Entries taken from a collection:
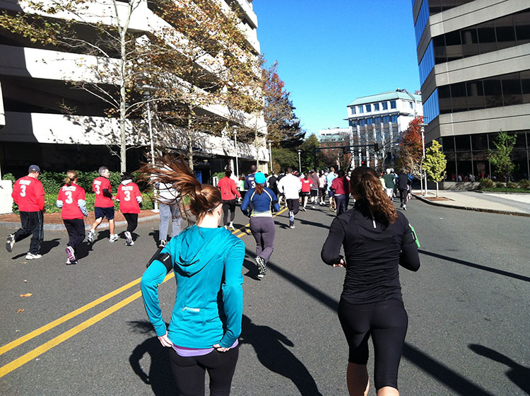We seemed to have skipped fall here in New England. I may have been sartorially prepared for the coldness of this event (although I thought perhaps it was premature to bust out the CW-X tights), but I wasn’t mentally prepared. I think our long hot summer has made me an even worse weather wuss than I used to be. Part of me is glad this challenge is almost over, because the thought of running every weekend again through January and February gives me the chills.
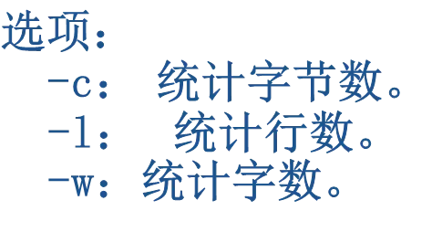 统计指定文件中的字节数、字数、行数。
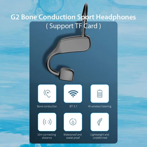 | 1.Description: Nouveaux g2 conduction osseuse TWS casque BT5.1 Casque de sport Prise en charge de la carte TF / Sweat tfrofèdes / batterie 120mAh / avec microphone casque sans fil Compatible avec Andriod iOS 2.Eutures: 3.Pécissement: 4. Note: Liste 5.Backage: |
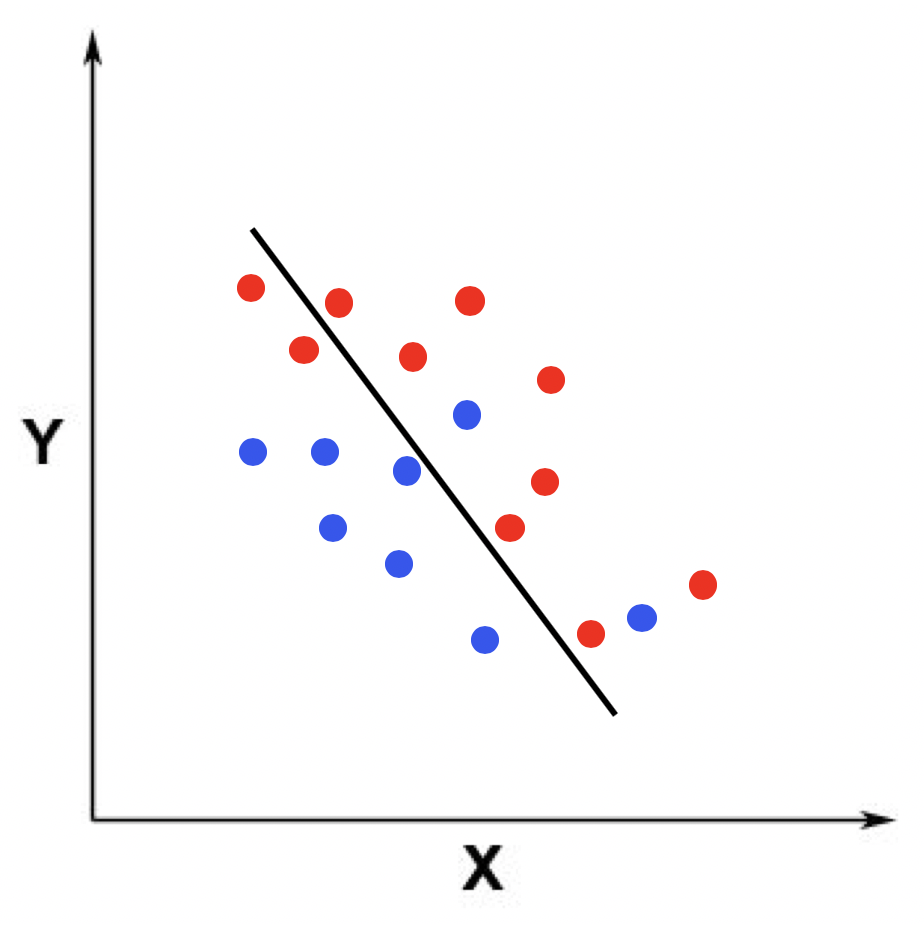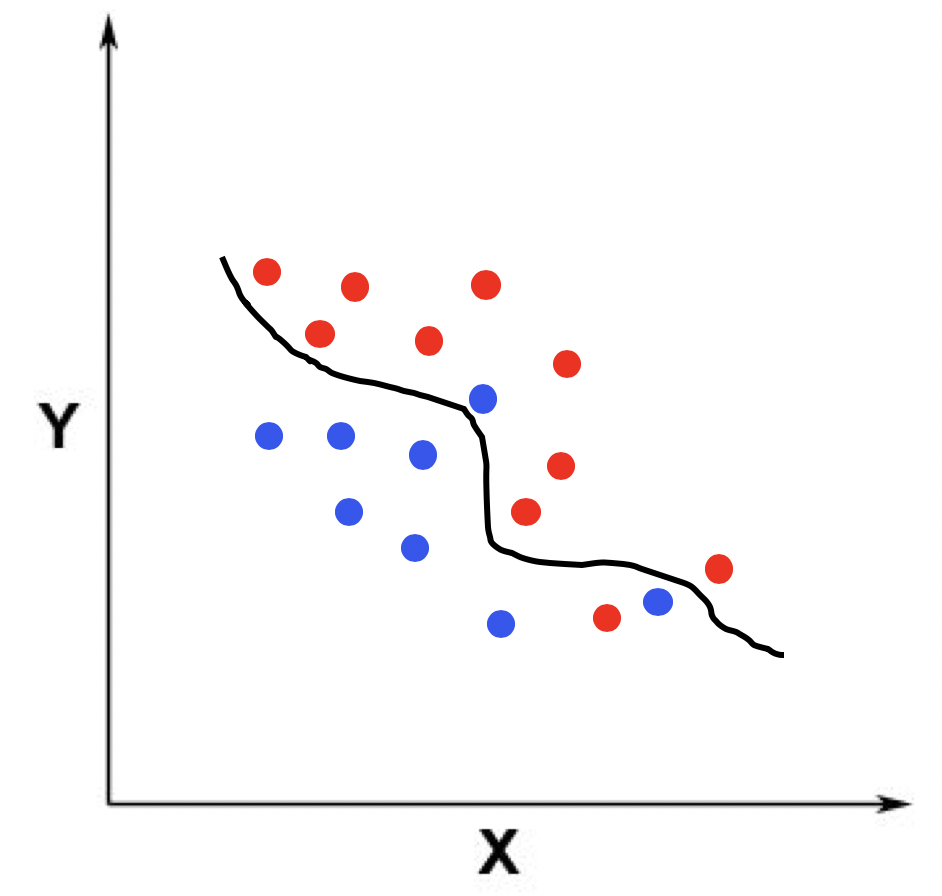 这张图中,蓝色的点表示分类1的训练数据点,红色的点表示分类2的训练数据点。在适度拟合的时候,分界线比较好地区分了蓝色和红色的点。
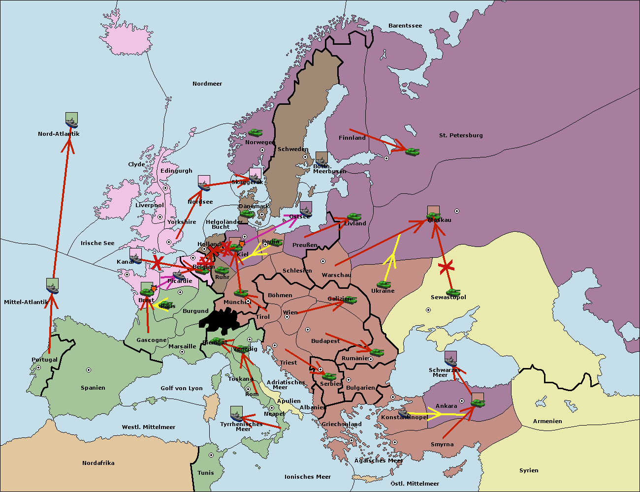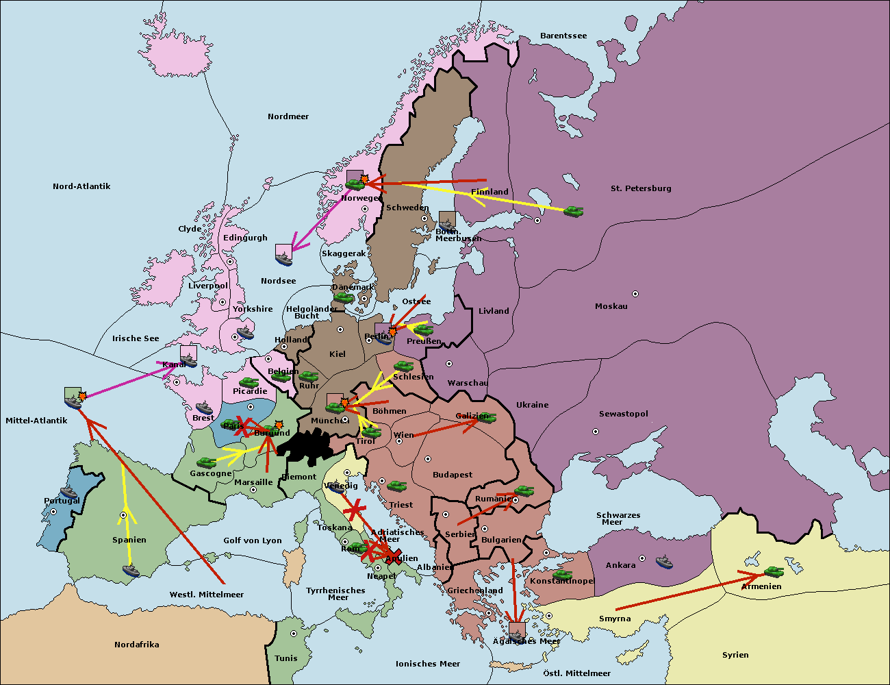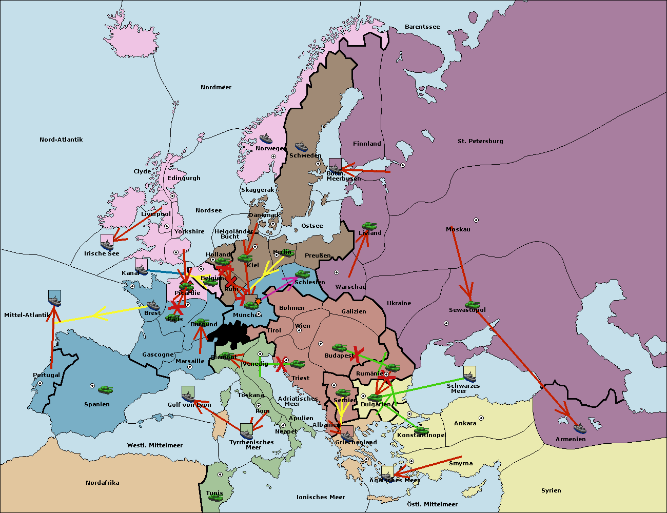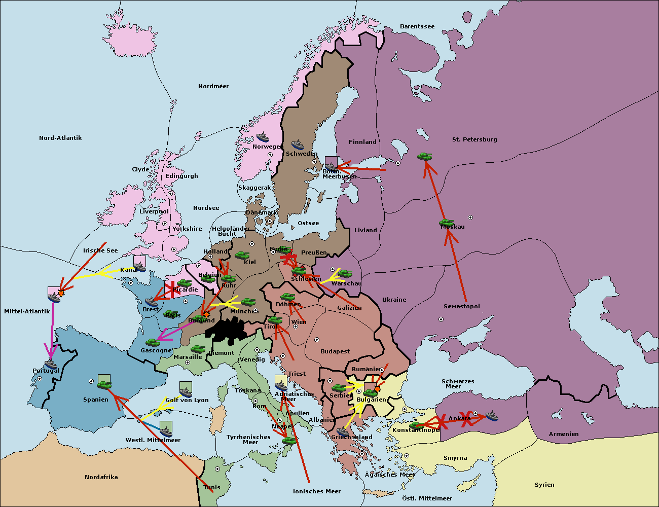 • Die Armee in Bulgarien wird zerstörtFlotte in Bulgarien gebaut.
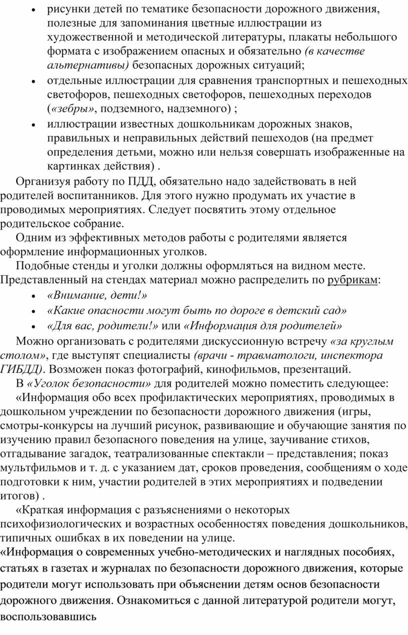 «Информация обо всех профилактических мероприятиях, проводимых в дошкольном учреждении по безопасности дорожного движения (игры, смотры-конкурсы на лучший рисунок, развивающие и обучающие занятия по изучению правил безопасного поведения на улице, заучивание стихов, отгадывание загадок, театрализованные спектакли – представления; показ мультфильмов и т. д. с указанием дат, сроков проведения, сообщениям о ходе подготовки к ним, участии родителей в этих мероприятиях и подведении итогов) .
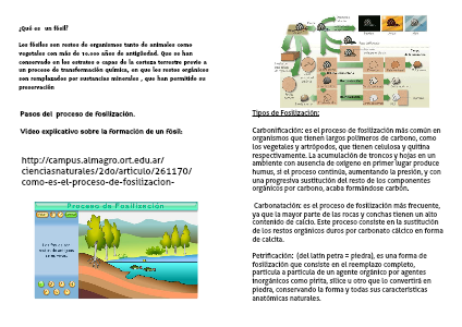 Carbonatación: es el proceso de fosilización más frecuente, ya que la mayor parte de las rocas y conchas tienen un alto contenido de calcio. Este proceso consiste en la sustitución de los restos orgánicos duros por carbonato cálcico en forma de calcita.

EXERCISE DIRECTIONS: Would you please reproduce the entries above, starting at the line with "统计指定文件中的字节数、字数、行数。" and stopping after the line with "这张图中,蓝色的点表示分类1"? Omit any pictures.

WRITTEN RESPONSE:
 统计指定文件中的字节数、字数、行数。
 | 1.Description: Nouveaux g2 conduction osseuse TWS casque BT5.1 Casque de sport Prise en charge de la carte TF / Sweat tfrofèdes / batterie 120mAh / avec microphone casque sans fil Compatible avec Andriod iOS 2.Eutures: 3.Pécissement: 4. Note: Liste 5.Backage: |
 这张图中,蓝色的点表示分类1的训练数据点,红色的点表示分类2的训练数据点。在适度拟合的时候,分界线比较好地区分了蓝色和红色的点。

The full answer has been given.